Magnetic coupling in CoCr$_2$O$_4$ and MnCr$_2$O$_4$: an LSDA+$U$ study

Competing magnetic interactions can lead to very interesting magnetic structures and pronounced effects due to spin-lattice coupling. Chromium spinels with additional magnetic $A$-site cations are prime examples for such systems, and have recently regained attention due to the discovery of a small electric polarization in CoCr$_2$O$_4$ [1]. The multiferroic character of CoCr$_2$O$_4$ is supposedly a result of its inversion symmetry-breaking magnetic structure, which has been classified as a ``ferrimagnetic spiral'' [2]. To achieve a better understanding of the complicated magnetic structure in CoCr$_2$O$_4$ and similar systems, an {\it ab initio} determination of the magnetic coupling constants is very desirable. Here, we present results of LSDA+$U$ calculations of the magnetic coupling constants in both CoCr$_2$O$_4$ and MnCr$_2$O$_4$ [3]. We carefully assess the predictive power of such calculations, and then give quantitative estimates for the strengths of the most prominent magnetic interactions.

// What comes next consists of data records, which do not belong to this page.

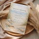 A refined coastal bridal shower design featuring an elegant oval wreath of seashells, oyster shells, starfish, and soft sea glass accents. Neutral sandy tones blend with muted ocean blues and delicate dune grasses to create a serene seaside aesthetic. The airy parchment background enhances the natural textures while maintaining a graceful, elevated look. Perfect for a beach-inspired celebration with timeless coastal charm.
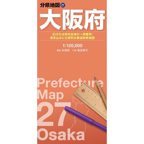 『分県地図』は、短辺62cm×長辺88cmの大判紙に各都道府県の全域を収録している折り畳み地図です。紙を広げて俯瞰で見ることができるので、ネットやスマートフォンの地図では分かりづらい都道府県全域の様子が一目でわかります。ペンで書き込んだり、シールを貼ったりして、オリジナルの地図にカスタマイズするのにも最適です。
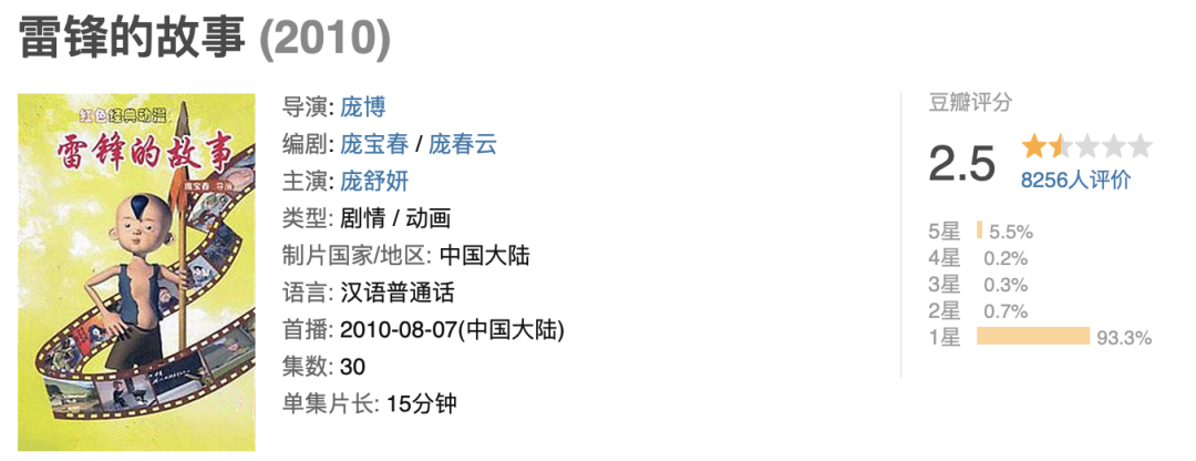 号称花费2100万制作的“大型献礼之作”《雷锋的故事》,豆瓣评分只有2.5,被全网群嘲。

Our results highlight the possible importance of $AA$ interactions in spinel systems with magnetic ions on both $A$ and $B$ sites, and provide an important link between previous theory and experimental observations. \par \noindent [1] Y. Yamasaki {\it et al.}, Phys. Rev. Lett. 96, 207204 (2006). [2] D. H. Lyons {\it et al.}, Phys. Rev. 126, 540 (1962). [3] C. Ederer and M. Komelj, Phys. Rev. B 76, 064409 (2007).